The bill increases predictability, transparency, and external oversight of Fed stress-testing—helping banks, investors, and Congress plan and judge resilience—but it reduces regulatory flexibility, may expose supervisory details to gaming, raises short-term costs, and blocks regulators from formally assessing climate-related financial risks.
Large banks and nonbank financial firms get clearer, public, and more stable rules and scenarios for Federal Reserve stress tests, improving firms' ability to plan capital and compliance.
Taxpayers, investors, researchers, and Congress receive greater transparency and independent oversight of Fed stress tests through public disclosures and recurring GAO reports, improving market information and accountability.
Banks face lower risk of being double-charged for the same risks because the Board is instructed to avoid double-counting between the stress capital buffer and risk-based capital requirements.
Prohibiting climate-related stress tests prevents regulators from requiring firms to test or disclose climate vulnerabilities, increasing the chance that climate-driven financial risks remain unmeasured and that banks, investors, and taxpayers are exposed to unexpected losses.
Making stress-test models, scenarios, or detailed methodologies public could enable sophisticated actors to game capital calculations or reveal supervisory techniques, increasing systemic vulnerability for regulated firms and the financial system.
Requiring material methodological changes to go through notice-and-comment rulemaking can slow regulatory responsiveness, limiting the Fed's ability to adapt stress tests quickly to new or emerging risks.
Based on analysis of 4 sections of legislative text.
Requires the Fed to publish stress-test models and scenarios, restricts climate-related stress tests under section 165(i), and mandates GAO reviews every three years.

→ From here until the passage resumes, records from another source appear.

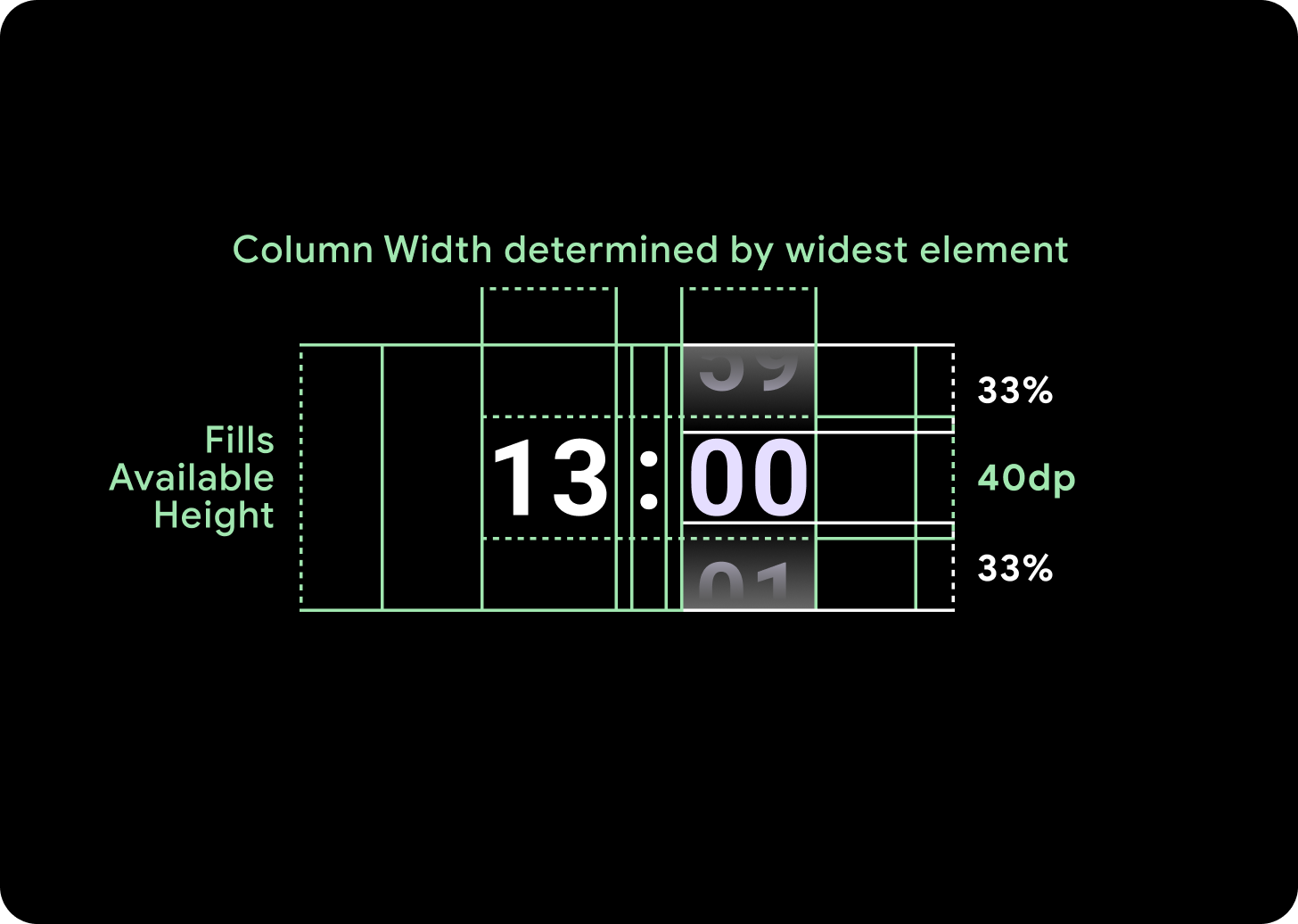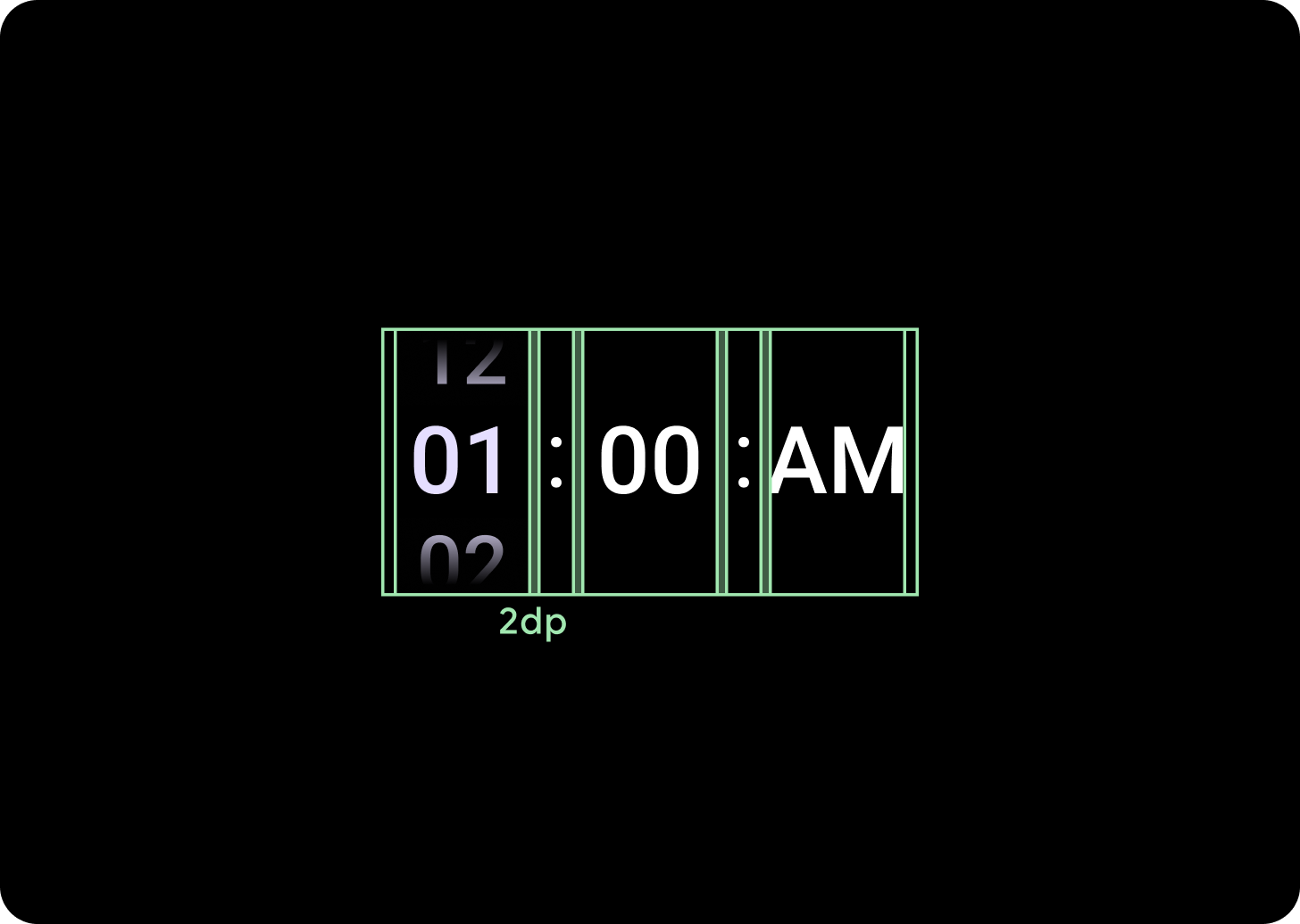 Nhóm bộ chọn sẽ lấp đầy chiều cao và chiều rộng có sẵn. Có 4 lựa chọn bố cục cho các cột bộ chọn. Mỗi bố cục được căn giữa và lấp đầy chiều cao có sẵn. Chiều rộng cột được xác định theo chiều rộng cần thiết để chứa số chữ số cần thiết trong phông chữ, Bộ chọn ngày là trường hợp ngoại lệ, theo chiều ngang, nó lấp đầy màn hình và tràn ra ngoài cạnh.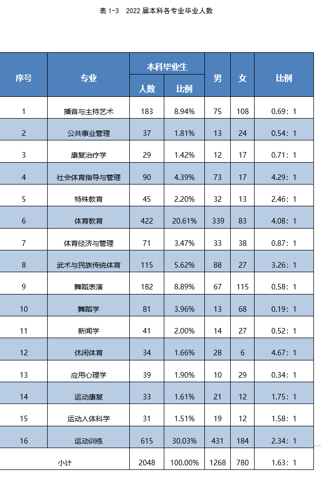 涉及16个本科专业(方向),12个硕士专业(方向)。本科毕业生人数超100人的有5个专业(体育教育专业、运动训练专业、武术与民族传统体育专业、舞蹈表演专业、播音与主持专业)。本科专业涵盖新闻学、经济学、心理学、艺术学、管理学等学科门类,研究生专业涵盖体育教育训练学、体育管理学、应用心理学等学科门类。
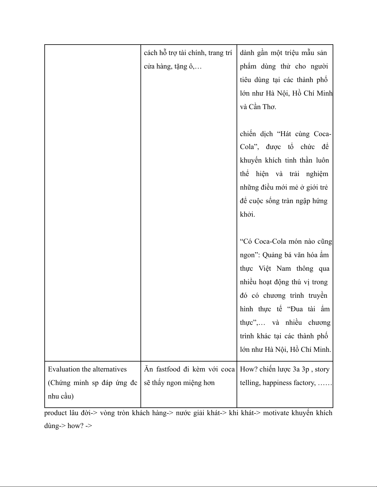 product lâu đời-> vòng tròn khách hàng-> nước giải khát-> khi khát-> motivate khuyến khích dùng-> how? ->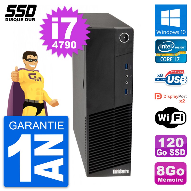 PC Lenovo ThinkCentre M83 SFF - Intel Core i7-4790 3.6 Ghz (8 Mo) - 8 Go DDR3 - SSD 120 Go - Clef Wifi USB - Windows 10 - Garantie 1 an.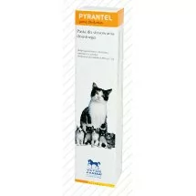 Embonian pyrantelu - 9,3 g/100 g WSKAZANIA Robaczyce jelitowe u kotów wywołane przez wrażliwe na działanie leku formy dorosłe robaków, takich jak: Toxocara cati, Toxascaris leonina, Ancylostoma tubaeforme, Unicinaria stenocephala. PRZECIWWSKAZANIA Sporadycznie mogą wystąpić u młodych zwierząt nudności i wymioty. Działania niepożądane nasilają środki fosforoorganiczne i dietylkarbaminiany, stosowane często jako środki biobójcze przeciw ektopasożytom. STOSOWANIE W przeliczeniu na embonian pyrantelu - jednorazowo 57,7 mg/kg mc.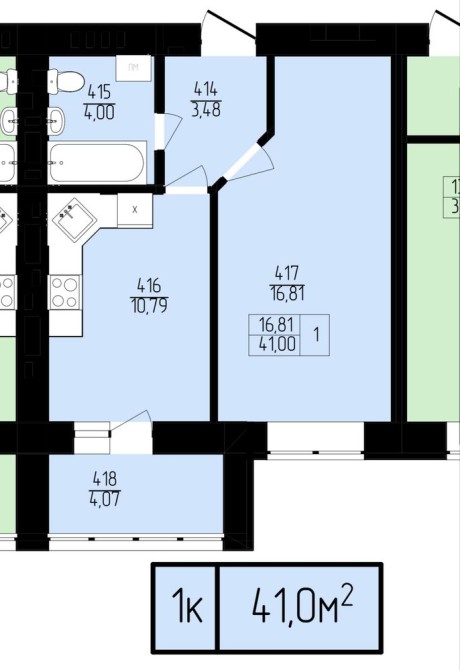 • Общая площадь 41 м2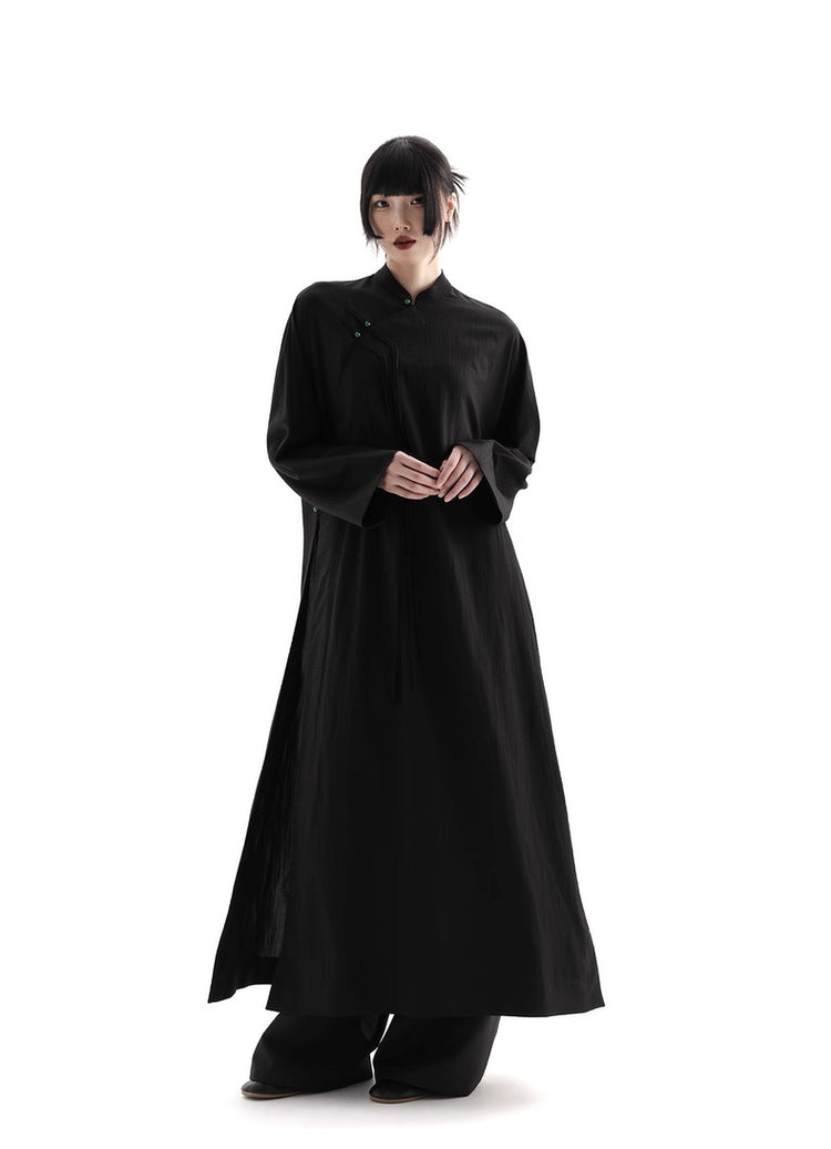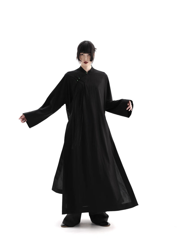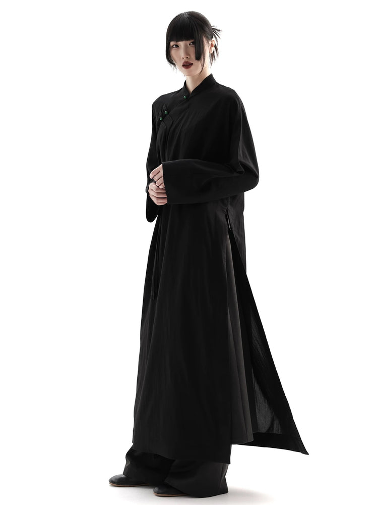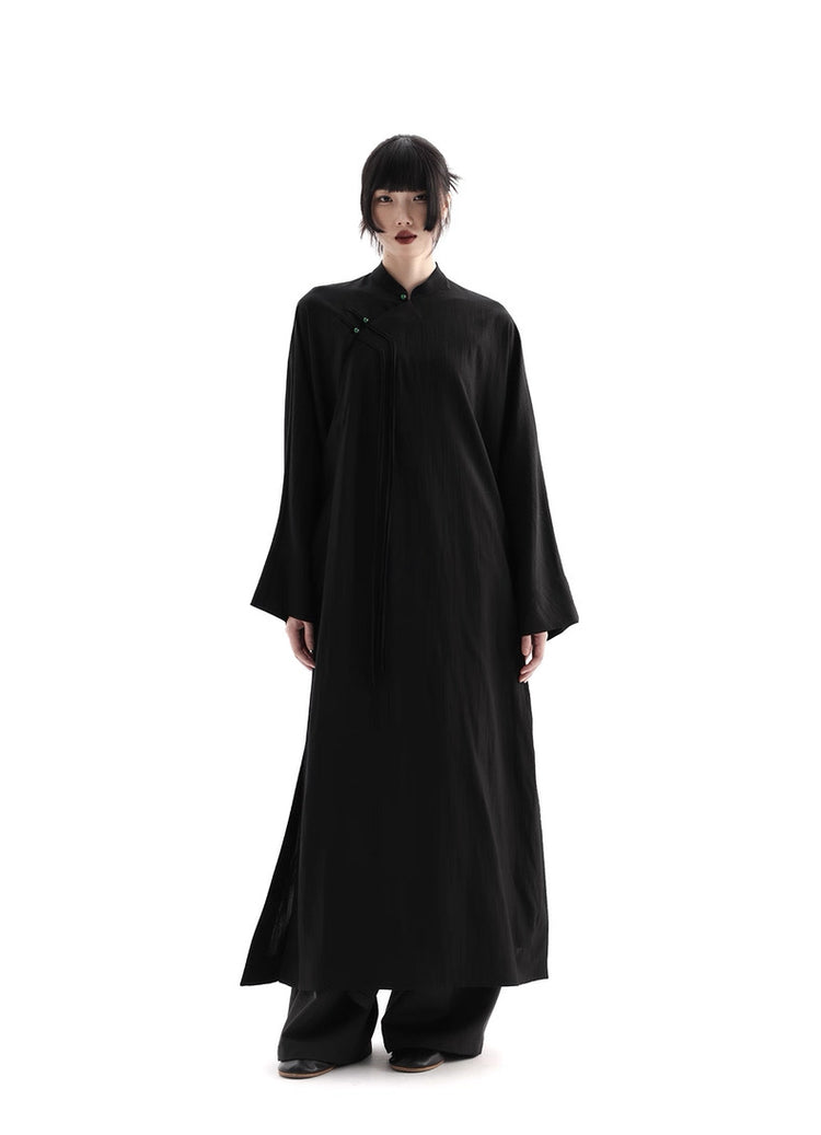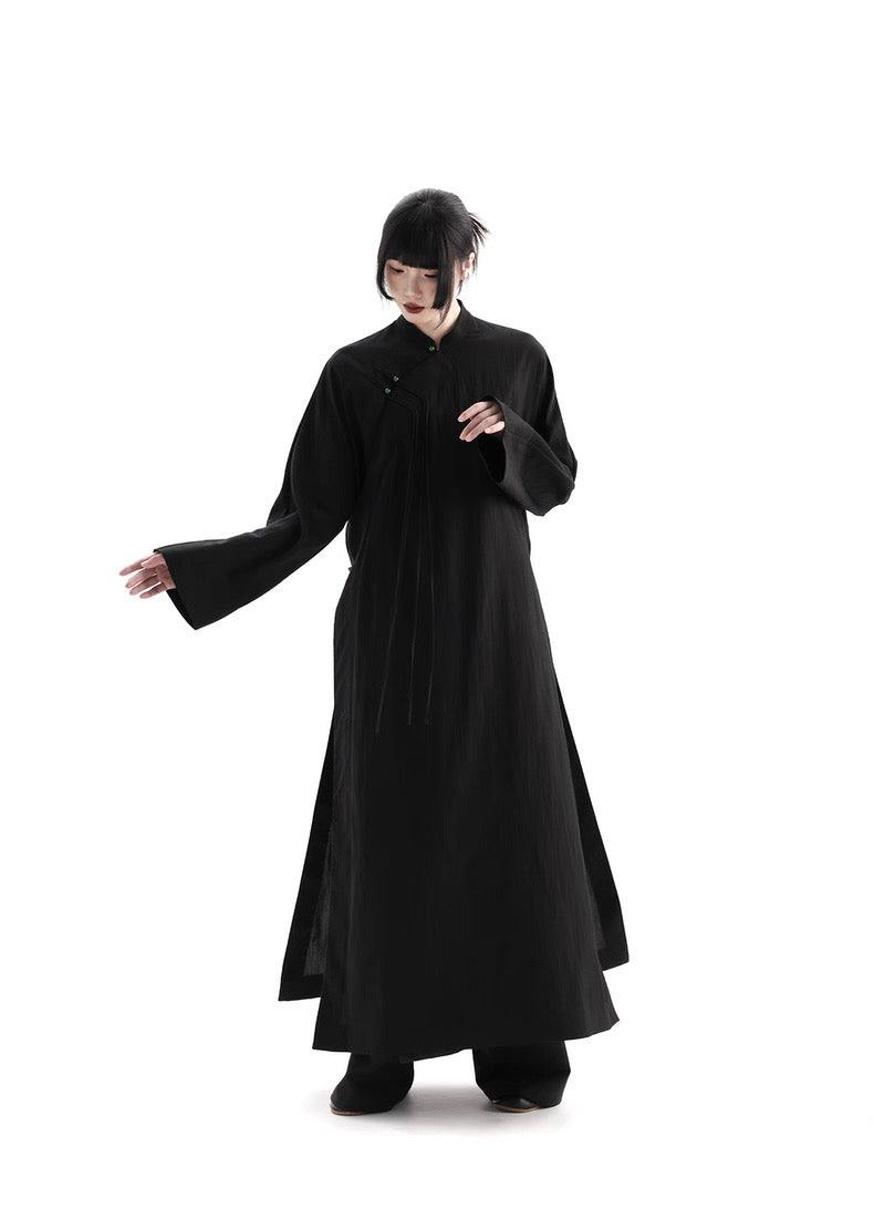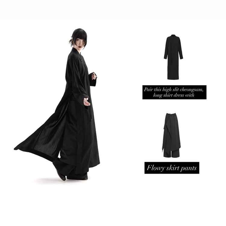 This cheongsam, a long shirt dress with high slits, pairs effortlessly with flowy skirt pants — allowing qi to circulate freely through every movement.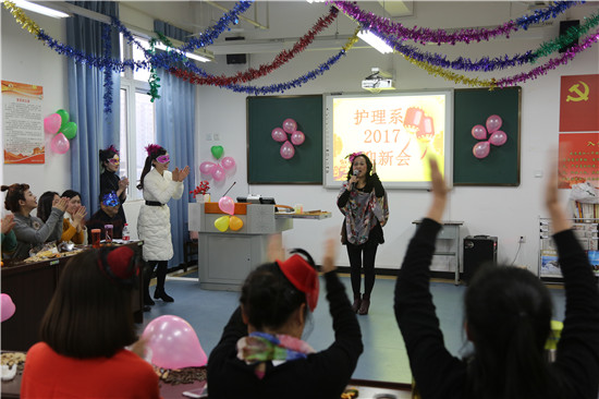 为丰富教职工文娱生活,在系主任王静、副主任廖书娟、党支部副书记李敏的组织策划下,12月28日16:00,护理系迎接新年化妆舞会在实训楼607隆重举行。舞会由闵捷、谢琳娜主持,全系教职工欢聚在此庆祝新年的到来。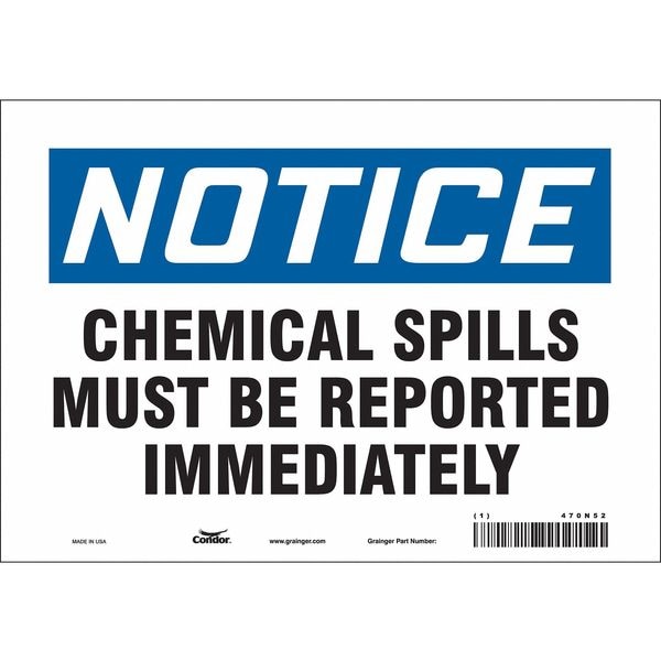 Safety Sign, Vertical Rectangle, Number of Printed Sides 1, English, Sign Format Traditional OSHA, Sign Legend Chemical Spills Must Be Reported Immediately, Sign Legend Background Color White, Sign Legend Style Text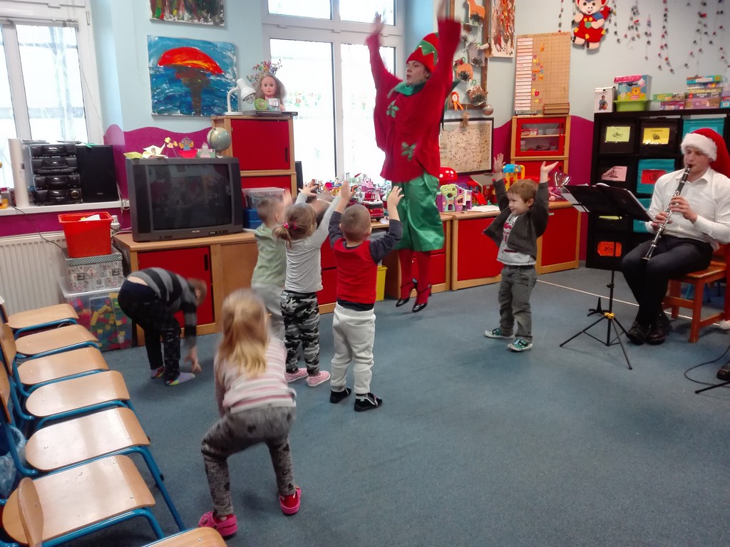 Na początku grudnia nasze maluchy z grupy „Radosne Krasnale” odwiedzili artyści z Agencji Artystycznej „Pro Musica” z koncertem pt. „Tajemnicze zniknięcie Świętego Mikołaja”. Muzycznej opowieści towarzyszyły instrumenty: saksofon, gitara elektryczna oraz śpiew.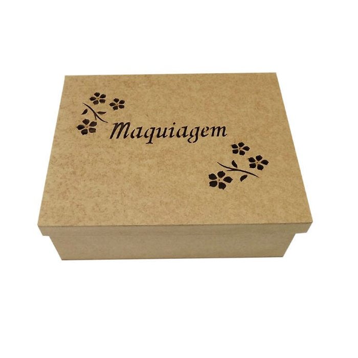 Caixa Maquiagem Flores Tampa de Sapato com Divisões - Madeira MDF Crua

Introduced September 10, 2025 by Bill Huizenga · Last progress September 10, 2025
Requires the Federal Reserve Board to publish and lock down key components of its supervisory stress-testing program: the models, assumptions, formulas, and methods used to run stress tests and to set stress capital buffers, with material changes permitted only through notice-and-comment rulemaking. It also requires the Fed to publicly release each stress-test scenario at least 60 days before a test, bars the Fed from conducting climate-related stress tests of bank holding companies or nonbank financial companies under its Dodd-Frank authority, and mandates a GAO evaluation and report on the effectiveness of the Fed’s stress tests every three years.